At 2:50pm yesterday, I found myself a block away from the second detonation site during the Boston Marathon attack. As I heard the first explosion, my fingers furiously typed text messages to my boyfriend and my family, letting them know I was okay (at the time, no one knew anything… my poor parents were so confused). Seconds later, the second explosion left us all in a momentary stunned silence. As the crowd ran in different directions, I slowly moved through the streets, looking for my students running the marathon who I knew were only minutes away on the road. Herded in different directions, we did the best we could, listening to the police (and later the National Guard) as they tried to maintain order in the worst of situations. My ability to text ended soon after, leaving Facebook and Twitter my only means of communication.

I never found my team of runners who I was trying to cheer on, but I knew they were away from the blast. What I didn’t know was who was impacted by the explosions… and which of my students were there. Thank god, all seven injured are physically going to be okay.

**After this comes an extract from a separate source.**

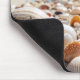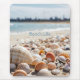 Let your mind drift as you think about the beach and collecting sea shells. Many sea shells in the sand along the shoreline. Crisp blue water and a row of tree's on other side of lake.
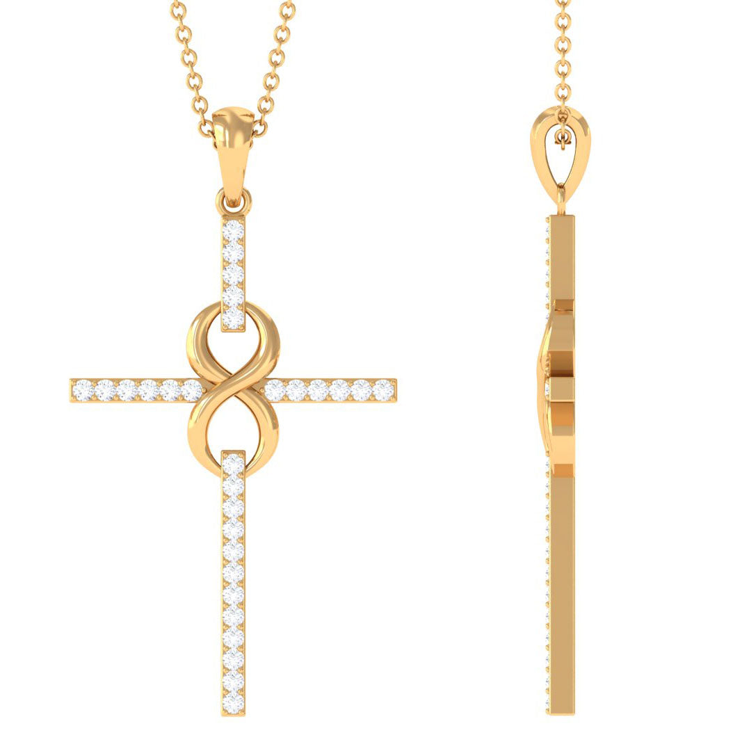 Beautify yourself with this Cross Infinity Pendant, embellished with Round Cut Moissanites secured in Surface Prong Setting and adorably molded with Solid Metal to make it more eye-catching. For a person who loves to wear Religious Jewelry this Cross Pendant will be the best option as it can be worn with any casual or formal attire. Choosing a surprise for your wife for this coming anniversary this Moissanite Pendant will be the best Anniversary Gift for her.

But now what? How do you proceed with care and compassion to those who are afraid for their safety? To those who are mourning a loss of innocence? To those who may be triggered by a word and experience post-traumatic stress?

Do you cancel events? How do you modify?

How do we go back to normal?

Today, it remains clear to me – People come first.
Programs and events will alter and evolve but people need to be cared for, people need to know they’re loved.

My brain goes back to the book/movie Contact –

“See, in all our searching, the only thing we’ve found that makes the emptiness bearable, is each other.”

-Carl Sagan

Go hug someone today for no reason. Because all we have is each other.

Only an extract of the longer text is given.